Главным днём своей жизни профессор однозначно считал 20 сентября 1965 года. Тогда он, зелёный аспирант, прибыл по чудом доставшейся ему профсоюзной путёвке в Коктебель. Ну и естественно, ноги сами привели его к Музею Волошина. В сам дом его не пустили, там происходил какой-то удручающий, пыльный ремонт, который не обещал закончиться. В отчаяньи аспирант даже притопнул ногой и, гневно развернувшись, едва не сбил с ног пожилую женщину, которая, как оказалось, стояла почти у него за спиной. Яростно пробурчав «извините», он двинулся было дальше. «Экий же вы запальчивый, бледный юноша…». Это было произнесено невесомо тихо и проникло в него, словно минуя слух.
 
— Вы что-то сказали? Простите, я не расслышал.
 
— Вы всё расслышали. Так что ж вас так расстроило, бледный юноша.
 
— Почему бледный?
 
— Мне все юноши вашего склада кажутся бледными, — женщина говорила тихим, немного надтреснутым голосом. Одета была как-то изысканно старомодно. И вообще, было в ней нечто очень и очень знакомое, даже близкое. Эта по-мальчишески короткая седая копёшка волос, эти круглые допотопные очки с выпуклыми линзами…Он на некоторое время замолчал, судорожно напрягая память. Но память бессильно ёрзала в пустоте и не находила опоры.
 
— Кстати, отвечать вопросом на вопрос это дурной тон. Так вы не ответили, что вас расстроило?
 
— Этот дурацкий ремонт, если вам так интересно! Вот мне чудом выпало побывать в Коктебели, и вот нате вам — ремонт!
 
— Ремонт? Так ведь не Коктебель на ремонте. А всего какой-то дом. Эка беда.
 
— Эка беда?! — будущий профессор взорвался от возмущения. Его выводил из себя насмешливый тон этой женщины. Голос этот скрипучий и прищур ехидный сквозь очёчки … — Вы не понимаете! У меня путёвка до семнадцатого. Всё, двадцатого на работу. Ремонт, конечно, до этого не закончится…
 
— Не закончится, — печально и участливо кивнула старушка. И тотчас спохватилась. — И что с того?
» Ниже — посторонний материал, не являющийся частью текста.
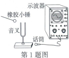 1. (2025·安徽)如图所示,用橡胶小锤敲击音叉,音叉发出的声音用话筒接收,将声信号转换成电信号,这个带有声音特征的电信号通过示波器中的波形图显示出来。下列说法正确的是()
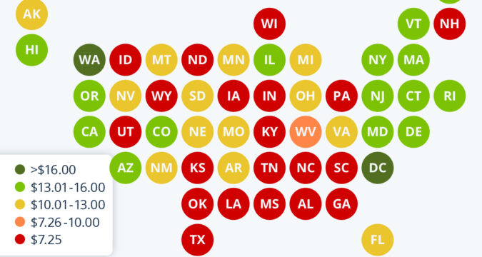 As Statista’s Katharina Buchholz details below, the United States is made up of a patchwork of minimum wage laws with 30 states and D.C. having a rate higher than the federal minimum of $7.25 per hour.

Вы не очень похожи на музейного червя, который любит ковыряться во всякого рода...
 
— Я люблю усталый шелест старых писем, дальних слов… [Начало стихотворения Максимилиана Волошина] — вдруг раздражённо выпалил юный аспирант, намереваясь тотчас уйти. Зато старушка буквально преобразилась, словно её разом подменили.
 
— В них есть запах, в них есть прелесть умирающих цветов, — подхватила она. — Вы читали стихи Максимилиана Александровича?!
 
— Читал?!! Да я их почти наизусть знаю.
 
— Ха! Вот уж не подумала. Вот прямо-таки всё? И… «Путями Каина» знаете?
 
— Ну… Не совсем. Хорошо помню только начало. Да…
 
Он приосанился, расправил плечи, завёл руки за спину: «Вначале был мятеж! Мятеж был против Бога. И бог…»
 
— Всё, юноша, все. Я уже поняла. Декламаций не надо, умоляю... Однако я, похоже, смогу вам помочь. Хотя… — старушка вдруг приподняла веко и вперила в него насторожённый взгляд, — вы случайно не молодой учёный? А?!
 
— Я? — юный аспирант опешил поначалу, затем, сам не понимая, отчего, уверенно соврал. — Нет, конечно! Что вы.
 
— Гляди, — всё ещё недоверчиво ответила старушка. — Я, по правде говоря, терпеть эту публику не могу. Насмотрятся, нащёлкают, наконспектируют, а потом систематизируют и кропают такую сивую белиберду, что рыдать хочется…
 
***
 
Ну а далее было несколько незабываемых часов в полуосевшем, продуваемом флигельке волошинского дома. И был шок, и был восторг, причём, одновременно: въедливая старушенция оказалась ни кем иным, как воистину легендарной Марией Волошиной, вдовой поэта, женщиной, в реальность которой он вообще верил-то с трудом.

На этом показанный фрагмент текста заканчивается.